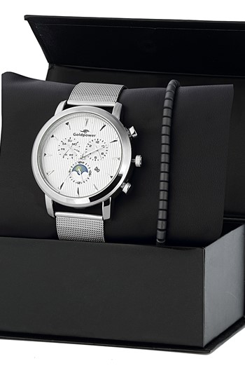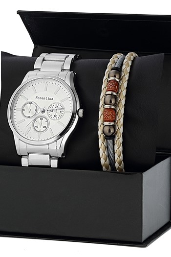 Forentina Erkek Gri Kol Saati Bileklik Kombin Set PS3151
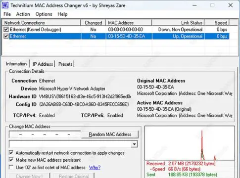 Setiap NIC memiliki alamat MAC yang dikodekan oleh pabrikan ke sirkuitnya. Driver Windows menggunakan alamat MAC hard-coded ini untuk mengakses Ethernet Network (LAN). Melewati alamat MAC hard-coded awal, utilitas ini dapat menetapkan alamat MAC baru ke NIC Anda. Setiap toolkit pakar keamanan harus menyertakan Technitium MAC Address Changer.
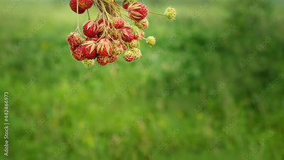 red wild strawberries on abstract green natural background. Ripe Sweet berries, organic healthy vitamins food. Summer season, fresh harvest concept.
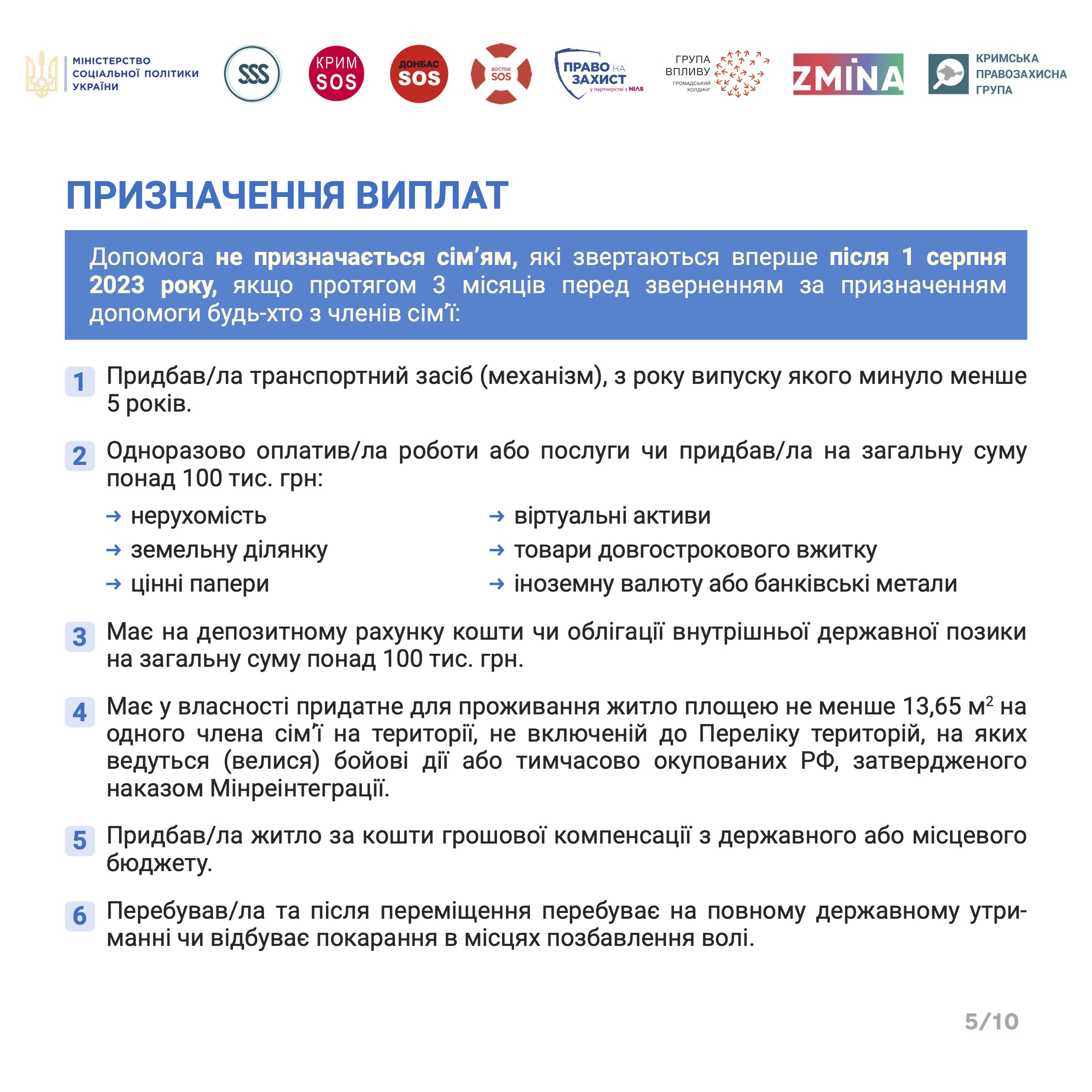 Починаючи з серпня 2023 року, допомога на проживання була скасована особам, які виїхали за кордон, та не повернулися в Україну до 1 серпня 2023 року. Раніше не було законодавчих підстав для поновлення виплат таким громадянам.
- - -
Only an exact copy of the lines from the one with "red wild strawberries" through the last line of the data above is wanted, and no pictures.

_Your response_
 red wild strawberries on abstract green natural background. Ripe Sweet berries, organic healthy vitamins food. Summer season, fresh harvest concept.
 Починаючи з серпня 2023 року, допомога на проживання була скасована особам, які виїхали за кордон, та не повернулися в Україну до 1 серпня 2023 року. Раніше не було законодавчих підстав для поновлення виплат таким громадянам.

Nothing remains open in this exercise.